Your task: Starting with the line that holds "通过拓宽潜在客户来源、、优化" and stopping after the line that holds "IL PIACERE DI", repeat the lines below word for word, without the pictures.

Dataset extract:
__________

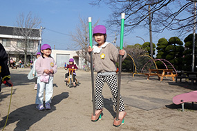 竹馬の練習中!
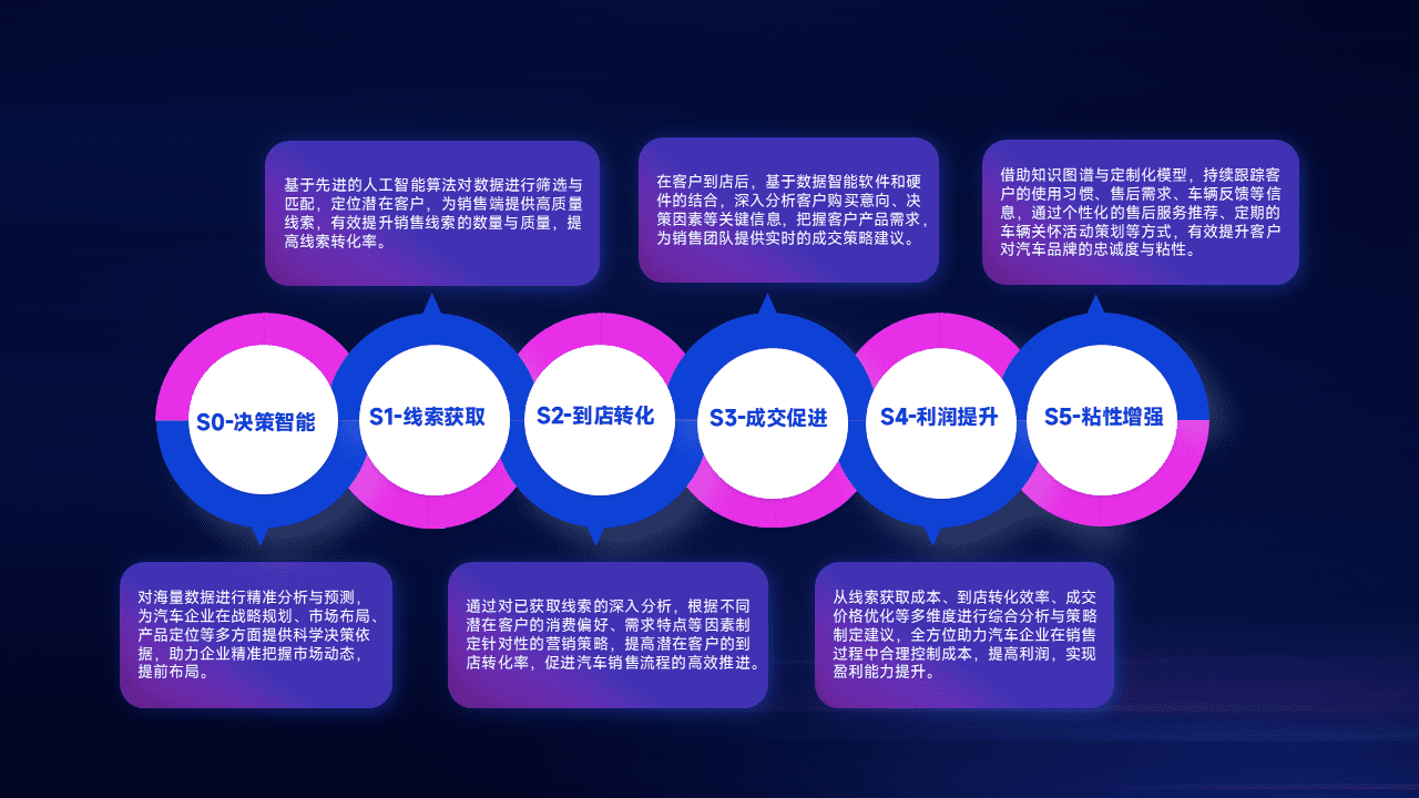 通过拓宽潜在客户来源、、优化线索分配并提高到店转化率,,,,以增强销售效率。。。同时,,,利用线索数据不断优化分析模型,,,有效提升转化率,,扩大营销影响力。。
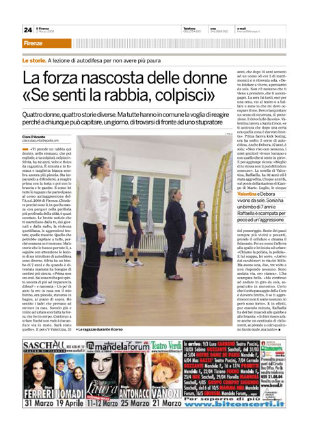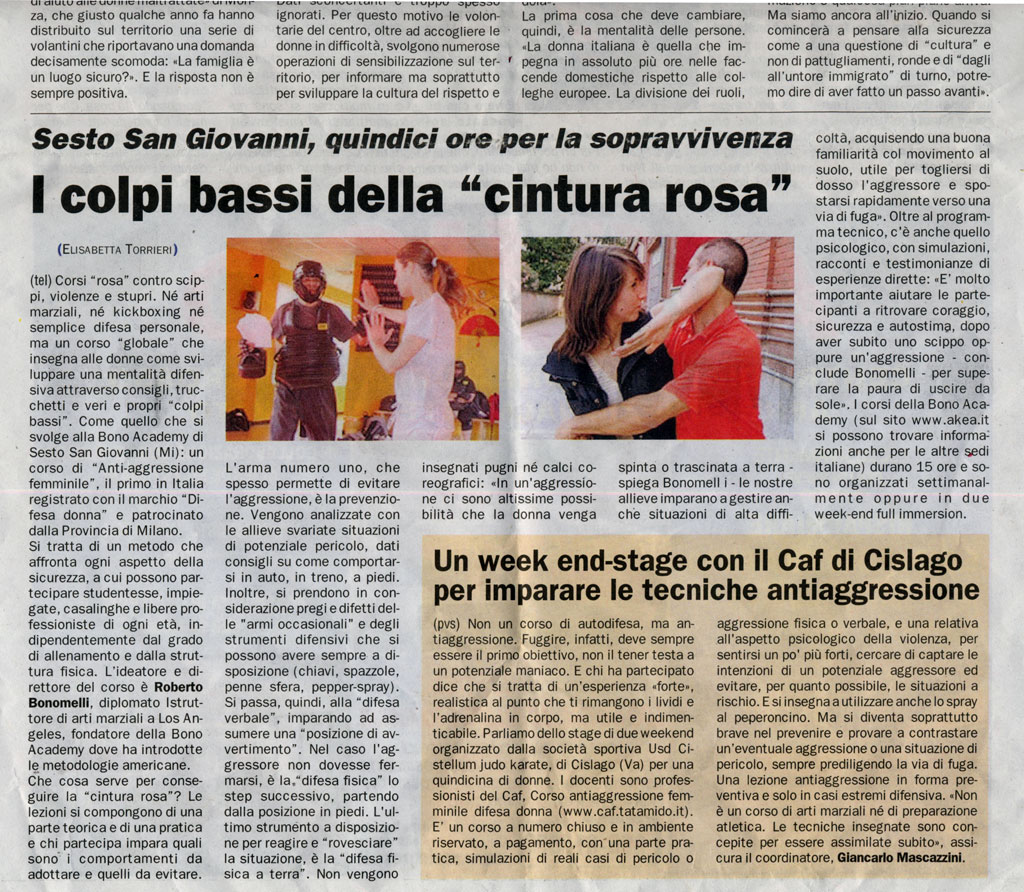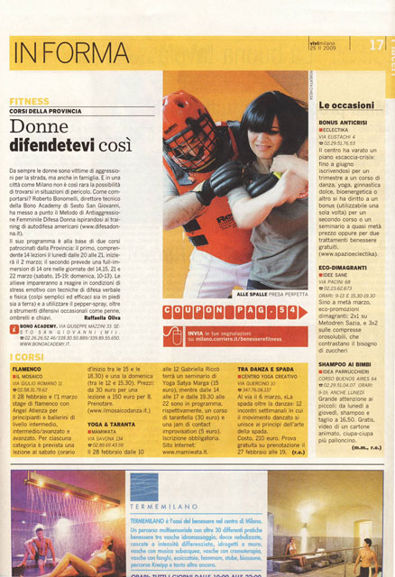IL PIACERE DI FARCELA Le occasioni della settimana Per una donna è importante sapersi difendere il 26 settembre a Sesto San Giovanni (MI) alla Bono Academy, si terrà un corso gratuito di antiaggressione aperto a tutte. Per partecipare, bisogna prenotare entro l’11 settembre al numero tel. 02/26265246.
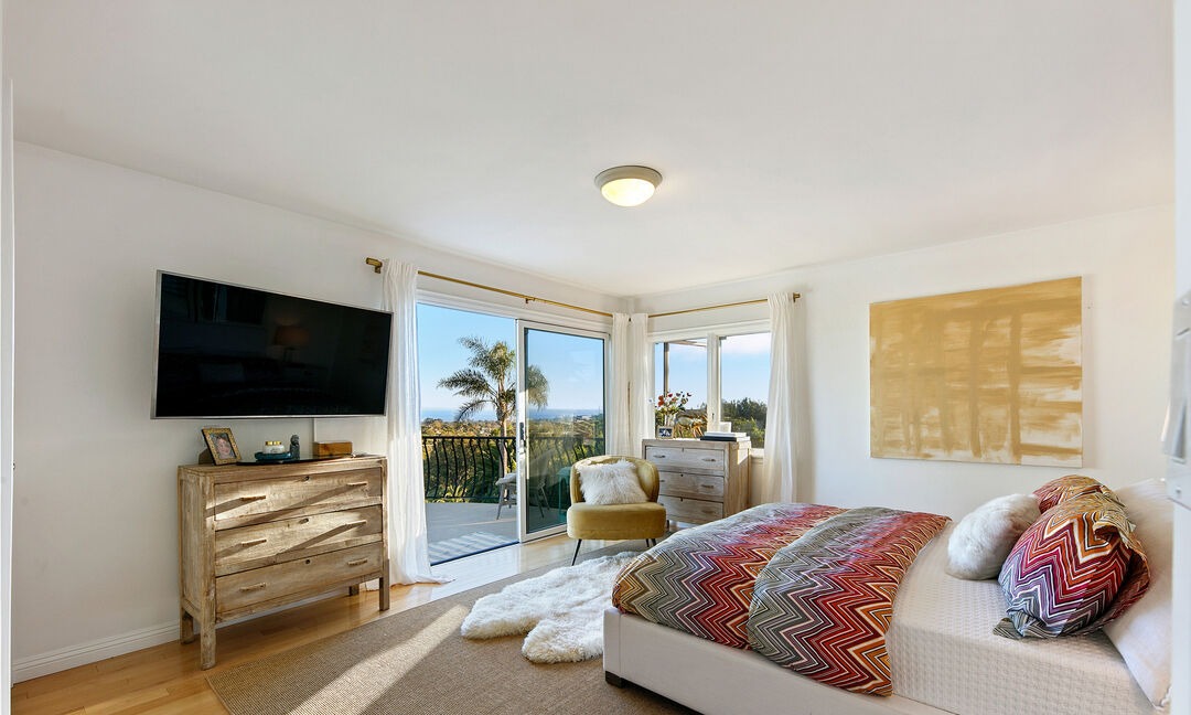 A bright, sophisticated primary bedroom suite with floor-to-ceiling windows and ocean views, featuring a warm modern aesthetic with natural wood furnishings, soft linens, and patterned accents. The space balances coastal airiness with contemporary luxury through carefully curated furniture and an open layout that connects the sleeping and seating areas.

__________

Response:
 通过拓宽潜在客户来源、、优化线索分配并提高到店转化率,,,,以增强销售效率。。。同时,,,利用线索数据不断优化分析模型,,,有效提升转化率,,扩大营销影响力。。
IL PIACERE DI FARCELA Le occasioni della settimana Per una donna è importante sapersi difendere il 26 settembre a Sesto San Giovanni (MI) alla Bono Academy, si terrà un corso gratuito di antiaggressione aperto a tutte. Per partecipare, bisogna prenotare entro l’11 settembre al numero tel. 02/26265246.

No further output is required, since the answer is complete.